Und genau dies hat das Bundesgericht nun getan, indem es der Vorinstanz widerspricht: Das Krankenversicherungsgesetz (KVG) mache keine klaren Vorgaben, wie und welche Anpassungen der Bundesrat vornehmen dürfe. Somit habe der Gesetzgeber der Exekutive einen grossen Ermessensspielraum eingeräumt. Die vorinstanzliche Feststellung, wonach die Anpassung rein politisch begründet und die Kürzung der Taxpunkte von technischen Leistungen (einzig) die kostenneutrale Umsetzung der Besserstellung von Hausärzten bezweckt habe, greift für das oberste Gericht der Schweiz zu kurz.
Bundesgericht: «Jeder Eingriff ist mehr oder weniger willkürlich»
Und weiter: «(Die vorinstanzliche Feststellung) ist insofern nicht haltbar, als die Tarifstruktur Tarmed Version 1.08 hinsichtlich der betroffenen Positionen nicht mehr sachgerecht war, und bereits deshalb ein erheblicher Grund für den bundesrätlichen Eingriff vorlag», steht im am Freitag publizierten Entscheid. Der Bundesrat sei deshalb befugt, sich bei Tarmed-Eingriffen auch von politischen Anliegen leiten lassen.
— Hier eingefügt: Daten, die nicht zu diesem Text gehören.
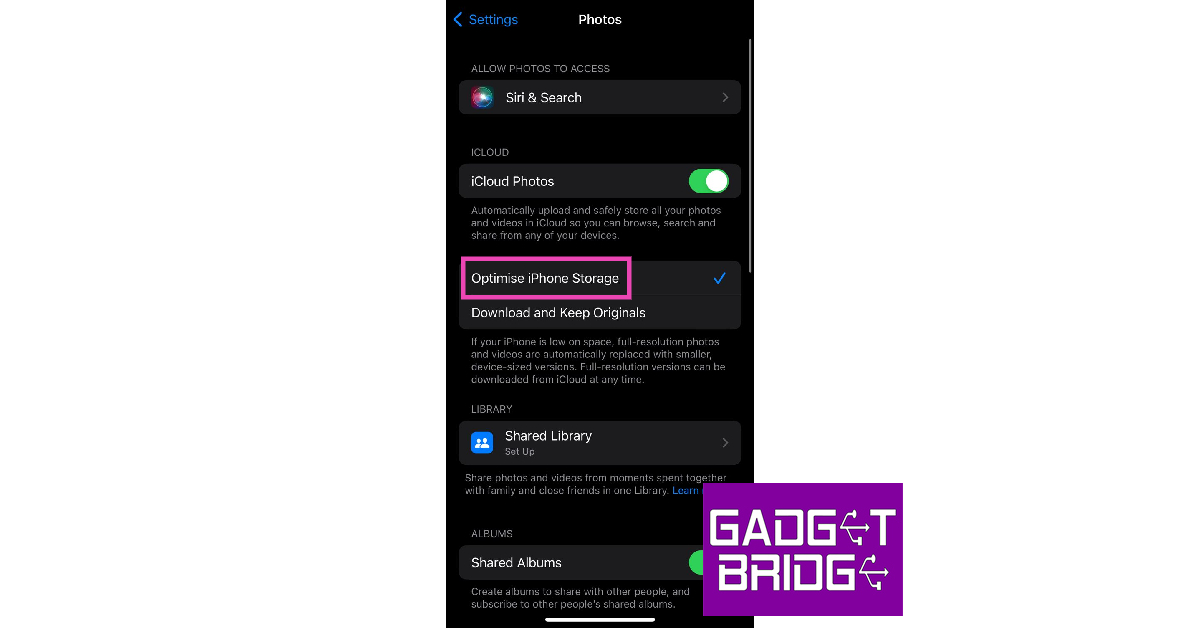 ステップ2:iCloudの下で、iPhoneストレージを最適化するオプションを選択します。

Und auch die lineare Kürzung der Taxpunkte für ausgewählte technische Leistungen heissen die Lausanner Richter gut.
Auch bei Beachtung einer betriebswirtschaftlichen Bemessung und sachgerechten Struktur gibt es für die einzelnen Tarifpositionen nicht nur «die eine» und somit einzig richtige Anzahl Taxpunkte, steht im Urteil weiter. Bei deren Festlegung komme auch eine wertende Komponente zum Tragen, verbliebe doch ansonsten kein Verhandlungsspielraum, der für eine vertragliche Regelung unabdingbar sei.
«Es liegt in der Natur der Sache, dass jeder direkte Eingriff in die Tarifstruktur – wie er in Art. 43 Abs. 5bis KVG vorgesehen ist – mehr oder weniger «willkürlichen» Charakter hat, weil die betriebswirtschaftlichen, im Tarifmodell berücksichtigten Abhängigkeiten, Regeln und Vereinbarungen ausser Acht gelassen werden.
Grundsatzurteil stärkt jetzt Einfluss des Bundesrats
Mit diesem Entscheid stärkt das Bundesgericht Alain Berset den Rücken. Der Gesamtbundesrat hatte auf Anfang Januar 2018 zum zweiten Mal in den Ärztetarif eingegriffen. Eine Gutheissung der Beschwerde der Privatklinik St. Anna hätte auch diese Anpassung in Frage gestellt.
Die Spitalgruppe Hirslanden nimmt das Urteil mit grossem Bedauern zur Kenntnis. «Das Bundesgericht ist unabhängig – aber nicht unpolitisch», heisst es auf Anfrage.
Erleichtert reagieren vor allem die Krankenkassen auf den Entscheid: Der Krankenkassen-Verband
Curafutura nimmt den Entscheid «mit Erleichterung zur Kenntnis». Das Urteil unterstreiche die Rechtmässigkeit des ersten Tarifeingriffs von 2014, teilt der Verband mit. Auch für den Branchenverband
Santésuisse sorgt das Urteil für Rechtssicherheit. «Gewinner des Bundesgerichtsurteils sind die Prämienzahler», heisst es dort.
FMH: Ungleiche Spiesse für Bundesrat und Tarifpartner
Der Ärzteverband FMH hingegen spricht von «Rechtsunsicherheit» und gibt sich «erstaunt», dass sich der Bundesrat nach Ansicht des Bundesgerichts von politischen Anliegen leiten lassen dürfe, während sich die Tarifpartner strikt an die Vorgaben des Krankenversicherungsgesetzes KVG halten müssten.
«Mit der Rechtsprechung des Bundesgerichts gelten für den Bundesrat neu nicht dieselben Grundsätze: Er darf Taxpunkte bestimmter Positionen linear kürzen und muss damit nicht mehr denselben Vorgaben folgen wie die Tarifpartner.» Der Ärzteverband bekräftigt zudem sein Ziel, mit den anderen Tarifpartnern eine gemeinsame Lösung zu finden, ohne dass der Bundesrat nochmals eingreifen müsse.